→ **Provided records**:
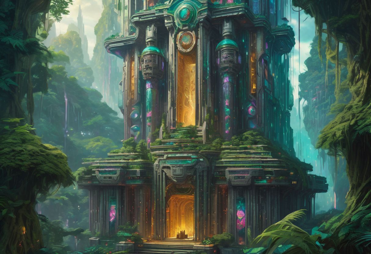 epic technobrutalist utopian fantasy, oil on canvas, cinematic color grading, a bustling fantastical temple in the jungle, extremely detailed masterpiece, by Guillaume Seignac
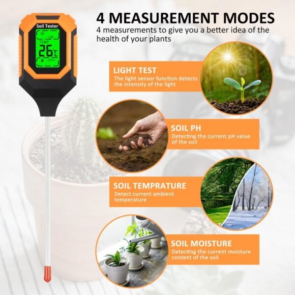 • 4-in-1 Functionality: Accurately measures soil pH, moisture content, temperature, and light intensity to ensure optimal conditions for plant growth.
* * *
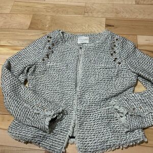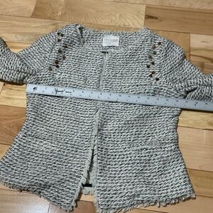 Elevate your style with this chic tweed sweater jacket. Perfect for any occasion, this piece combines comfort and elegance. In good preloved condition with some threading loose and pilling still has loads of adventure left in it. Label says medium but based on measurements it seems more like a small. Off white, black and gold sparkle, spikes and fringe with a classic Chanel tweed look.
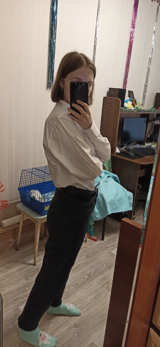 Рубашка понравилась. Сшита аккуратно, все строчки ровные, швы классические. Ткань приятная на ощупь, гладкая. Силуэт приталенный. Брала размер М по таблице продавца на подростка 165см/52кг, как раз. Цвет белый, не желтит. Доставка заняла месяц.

→ **Aim of the task**: Copy exactly the lines of the entries above from the one containing "Elevate your style" through the one containing "Рубашка понравилась. Сшита". Both end lines count; pictures do not.

→ **Output for this task**:
 Elevate your style with this chic tweed sweater jacket. Perfect for any occasion, this piece combines comfort and elegance. In good preloved condition with some threading loose and pilling still has loads of adventure left in it. Label says medium but based on measurements it seems more like a small. Off white, black and gold sparkle, spikes and fringe with a classic Chanel tweed look.
 Рубашка понравилась. Сшита аккуратно, все строчки ровные, швы классические. Ткань приятная на ощупь, гладкая. Силуэт приталенный. Брала размер М по таблице продавца на подростка 165см/52кг, как раз. Цвет белый, не желтит. Доставка заняла месяц.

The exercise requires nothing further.